Two new papers: analysis of large scale microelectrode array recordings

We just published two new papers on the analysis of recordings with a high-density 4,096 channel microelectode array.

The first one deals with the perhaps biggest problems that comes with recording with so many channels at near-cellular resolution - how to assign the detected spikes to the originating neurons? This is a complex task as we are usually dealing with many millions of events from a single preparation (the longest recording from the same preparation I have seen has about 90 million events). These come from potentially thousands of neurons, so the combinatorics clearly work against us. We have developed a method that solves this task efficiently and reliably, essentially exploiting the fact that dense arrays provide pretty good positional information about the events.

All software we have developed in this project is available at this website.

G. Hilgen, M. Sorbaro, S. Pirmoradian, J.-O. Muthmann, I. Kepiro, S. Ullo, C. Juarez Ramirez, A. Puente Encinas, A. Maccione, L. Berdondini, V. Murino, D. Sona, F. Cella Zanacchi, E. Sernagor, M.H. Hennig (2016). Unsupervised spike sorting for large scale, high density multielectrode arrays. Cell Reports 18, 2521–2532. bioRxiv doi: http://dx.doi.org/10.1101/048645.

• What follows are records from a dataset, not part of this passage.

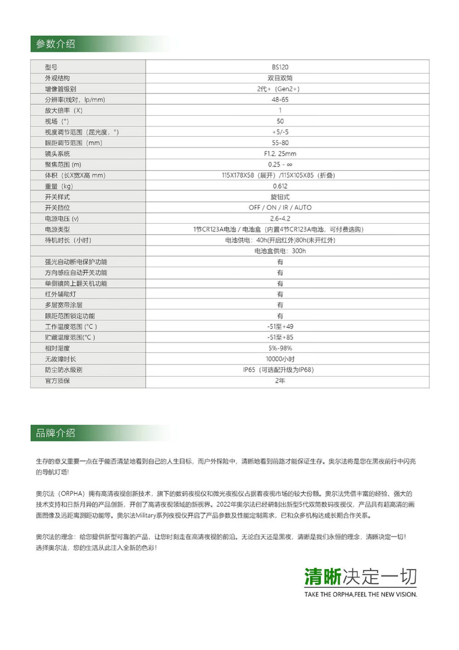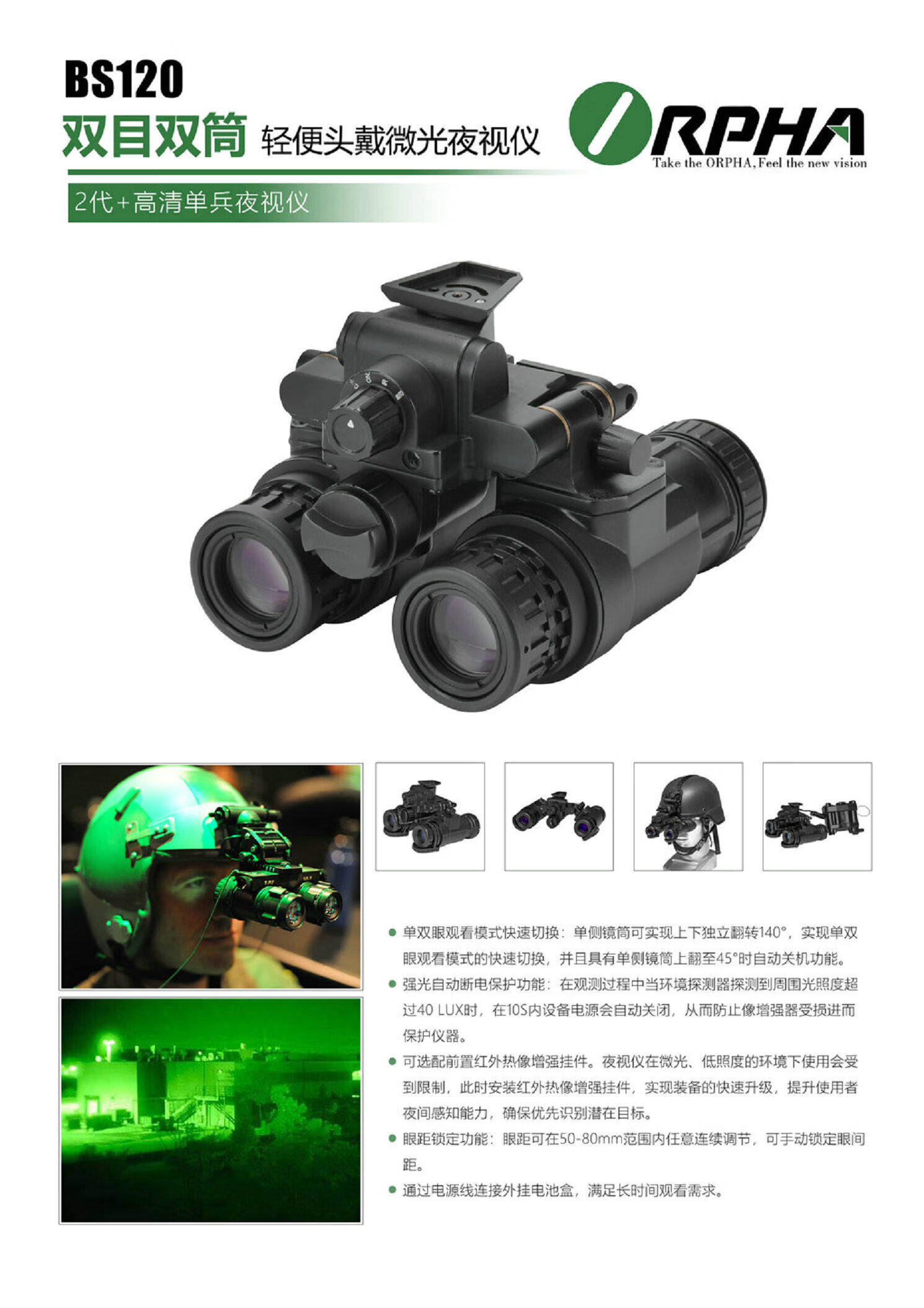 奥尔法(ORPHA)BS120 2代+ 双目双筒头戴式微光夜视仪连接战术头盔手持观察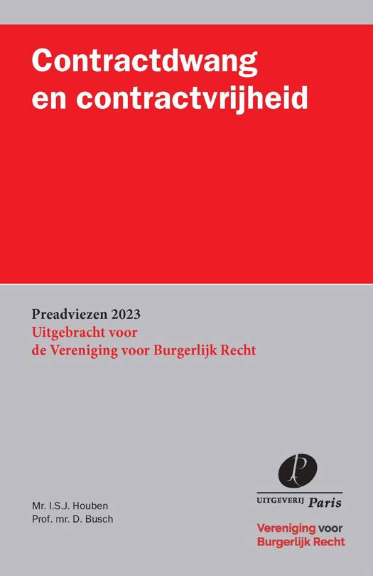 Het eerste preadvies van de hand van mr. I.S.J. Houben is getiteld ‘Contractdwang’ en gaat over de inbreuk op het meest wezenlijke aspect van contractvrijheid: de vrijheid om te beslissen óf een overeenkomst wordt aangegaan. Hoe wordt een dergelijke vergaande inbreuk op de contractvrijheid gerechtvaardigd?
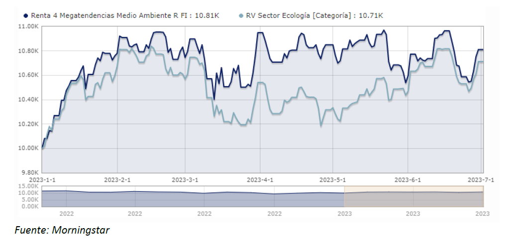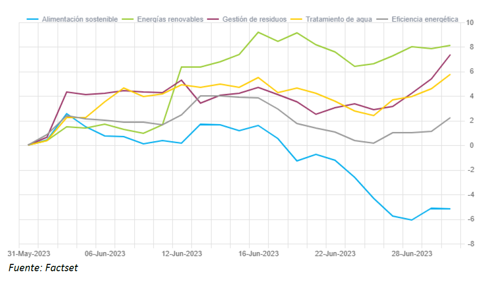 En el mes de junio el fondo ha obtenido una rentabilidad del +2,6% y +8,1% en lo que llevamos de año, por encima de su categoría (+7,1% en el año de RV Sector Ecología). Seguimos apostando por la diversificación geográfica y sectorial, lo que nos permite aprovechar las ineficiencias de corto plazo e invertir en los mejores subsectores en cada momento.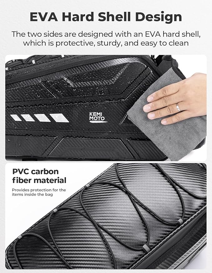 - EVA Hard Shell for more Sturdy: The rear bike rack bag is made from 85% PVC and 15% EVA hard shell. Its solid form maintains its shape, adding a dash of style to your ride. Plus, you won't need to fret about rainy days, a rain cover is included for extra protection

The second paper is simply a comprehensive characterisations of the light responses of mouse retinal neurons over the course of its development (starting at around eye opening, when light responses can be first seen). Unlike previous work, we could rely on very large cell samples from single preparations, which reveals properties that are easily missed when pooling multiple retinas - it turns out differences between individual retinas can be substantial, and we are quite certain this is not due to experimental factors. We hope this is a useful resource for everyone working using the mouse visual system as a model for neural development. In fact, a surprising and still unexplained finding in this project was that the development proceeds differently for different cell types, and also depends on retinal location.

G. Hilgen, S. Pirmoradian, D. Pamplona, P. Kornprobst, B. Cessac, M.H. Hennig, E. Sernagor (2016). Pan-retinal characterisation of Light Responses from Ganglion Cells in the Developing Mouse Retina. Scientific Reports 7, Article number: 42330. bioRxiv doi: http://dx.doi.org/10.1101/050393.

In the light of current events it is worth noting that this work was funded by the EU, and would almost certainly never have happened had it not been for this international collaboration.